I’ll make money and move to a two-room place. I’ll rent a house. I’ll buy a house in the city. Then I’ll be able to have a room that this woman can sleep in comfortably
. He bought a platform ticket whenever Mom took the night train so he could accompany her to the platform. He would find Mom a seat on the train and hand her a bag full of snacks, maybe banana milk or tangerines.

“Don’t fall asleep; remember to get off at Chongup Station.”

Mom commanded him—sometimes sadly, sometimes firmly, “Here in the city, you are your siblings’ father and mother.”

As he stood there, rubbing his hands together, only twenty-some years old, Mom would get up from her seat and open his hands and straighten his shoulders. “The eldest brother has to be dignified. He has to be the role model. If the
eldest brother goes the wrong way, his siblings will go that way, too.”

When the train was about to leave, Mom’s eyes would fill with tears, and she’d say, “I’m sorry, Hyong-chol.”

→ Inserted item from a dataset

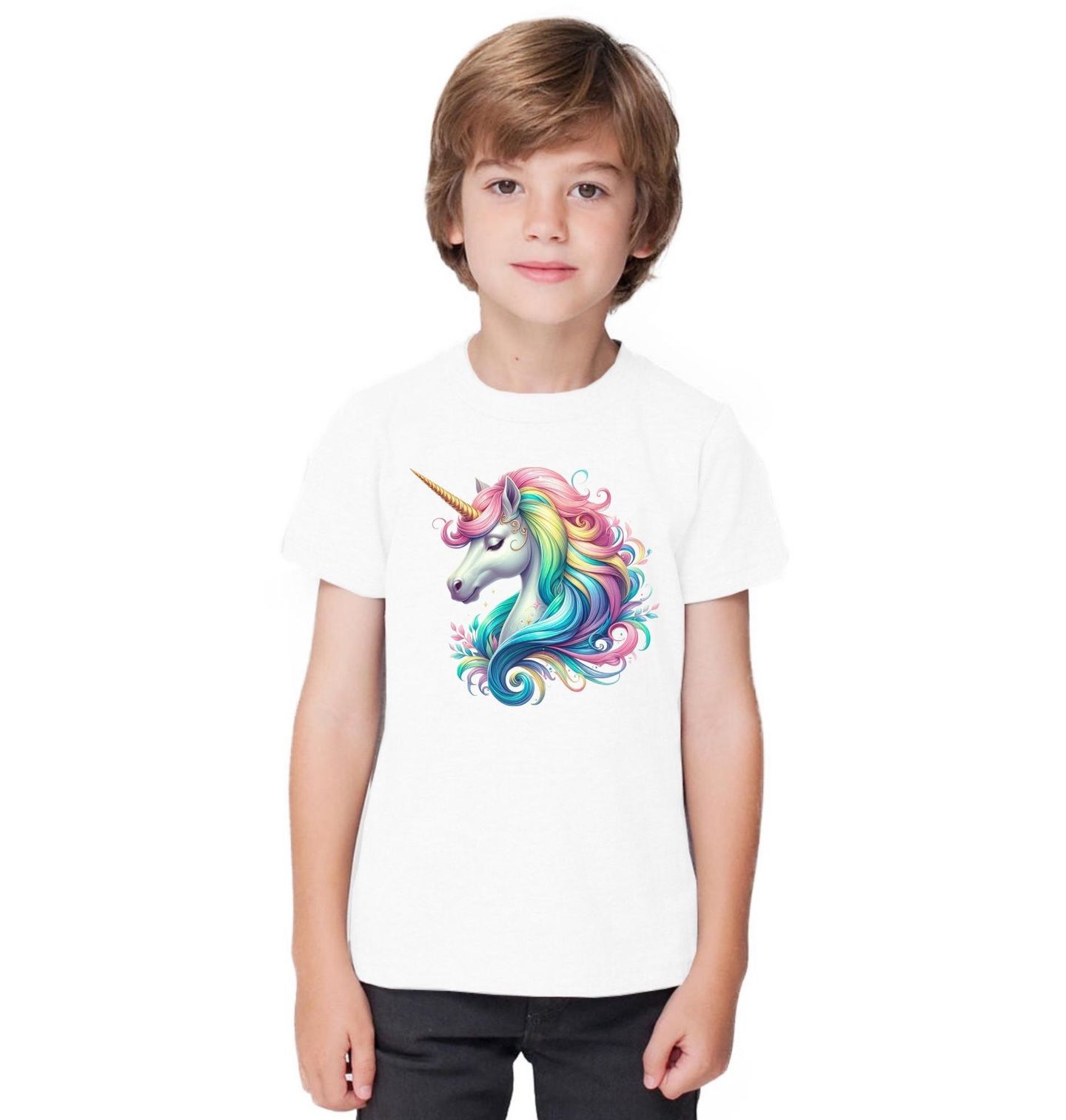 Dětské tričko Duhová Hříva Jednorožce. Objevte kouzelný motiv, který si zamilují děti i dospělí snílci! Tento elegantní jednorožec s nádhernou duhovou hřívou symbolizuje krásu, klid a kouzlo fantazie. Jednorožec v tomto provedení je nejen nádherným výtvarným prvkem, ale také ztělesněním jemnosti, harmonie a kouzelného světa.

   It would be in the middle of the night when his mom got off at Chongup. The first bus to town would be after six in the morning. His mom would get off the train and walk, in the dark, toward home.

“I wish we’d brought more flyers to post around here,” he says, burrowing into his jacket against the night chill.

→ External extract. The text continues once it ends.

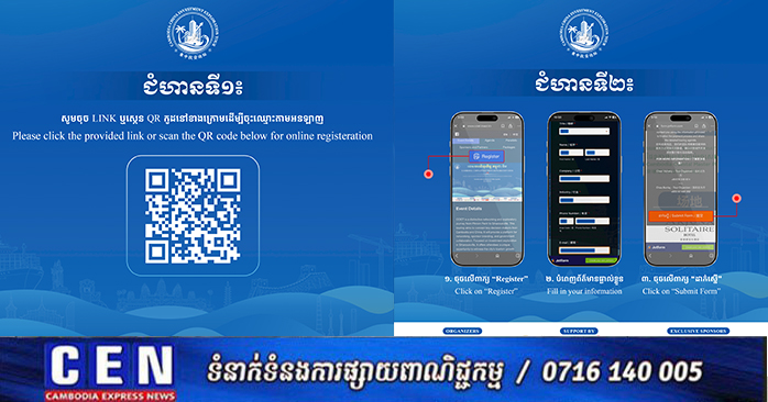 របៀបចុះឈ្មោះចូលរួមក្នុងព្រឹត្តិការណ៍ “ទេសចរណ៍ធុរកិច្ច កម្ពុជា-ចិន” នៅថ្ងៃទី១៨-១៩ ខែមីនា ឆ្នាំ២០២៦ ក្នុងក្រុងព្រះសីហនុ

“I’ll come back tomorrow and do that,” Chi-hon assures him, and she pushes her hands into her pockets.

Tomorrow he has to escort the CEO’s aides to the model apartment in Hongchon. He can’t afford to excuse himself. “Should I have my wife do it?”

“Let her rest. She’s taking care of Father, too.”

“Or you can call the youngest.”

“Or he’ll help me.”

“He?”

“Yu-bin. When we find Mom, I’m going to marry him. Mom always wanted me to get married.”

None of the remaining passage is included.